A transformação digital também afetou o emprego. As lojas de departamento empregavam 487 mil pessoas em 2023, uma redução de 1,8% ante 2022, mas as vagas relacionadas a tecnologia e logística aumentaram 9%. “Estamos vendo uma realocação de mão de obra, com menor demanda por vendedores presenciais e maior necessidade de profissionais de TI, análise de dados e gestão de estoques”, explicou Resende.

Os investimentos em tecnologia pelas empresas do setor somaram R$ 4,2 bilhões em 2023, alta de 12% em relação ao ano anterior.
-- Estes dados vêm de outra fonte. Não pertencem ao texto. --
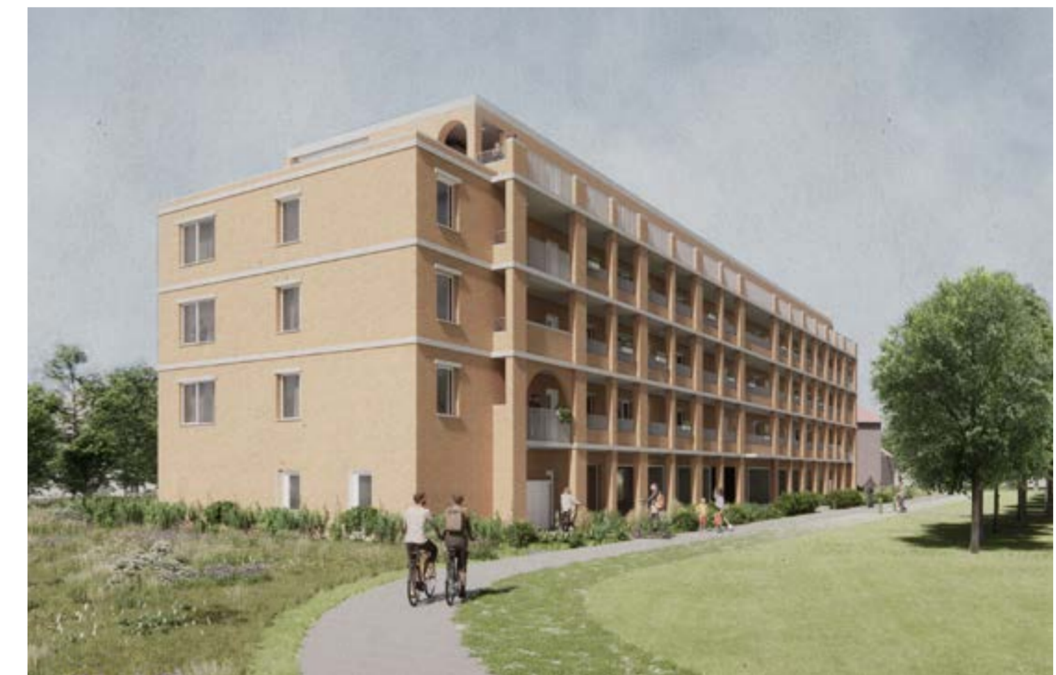
Deze simulaties geven een idee van hoe de nieuwe sociale woningen er in de Agaatstraat zullen uitzien.

Os recursos foram destinados principalmente a sistemas de gestão de relacionamento com o cliente (CRM), inteligência artificial para recomendação de produtos e automação de centros de distribuição.

Desafios e perspectivas

Apesar do otimismo, o relatório do IBGE destaca desafios. A concorrência com marketplaces internacionais e a necessidade de reduzir o prazo de entrega em áreas remotas são pontos críticos. “A loja de departamento tradicional precisa se reinventar, oferecendo experiências integradas entre o físico e o virtual”, avaliou o especialista. A pesquisa indica que 78% das empresas do setor planejam investir em realidade aumentada e provadores virtuais nos próximos dois anos.
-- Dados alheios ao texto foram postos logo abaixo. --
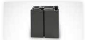
Arcade 79 mm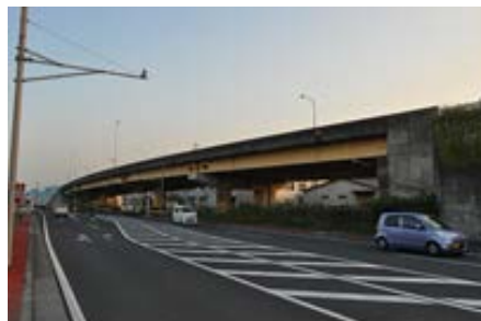
〈広沢高架橋〉 (国道50号 桐生市広沢町)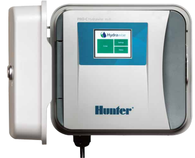
Pro-C Hydrowise Kontrol Ünitesi 4-16 istasyonlu kontrol ünitesi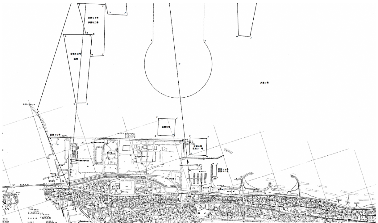
区第29号、区第30号及び区第31号

O governo federal, por meio do Ministério do Desenvolvimento, Indústria, Comércio e Serviços, anunciou que estuda medidas de incentivo à digitalização do varejo, como linhas de crédito específicas para pequenas lojas. Por enquanto, os dados do IBGE confirmam que o comércio eletrônico deixou de ser uma alternativa para se tornar o principal canal de vendas das lojas de departamento no Brasil.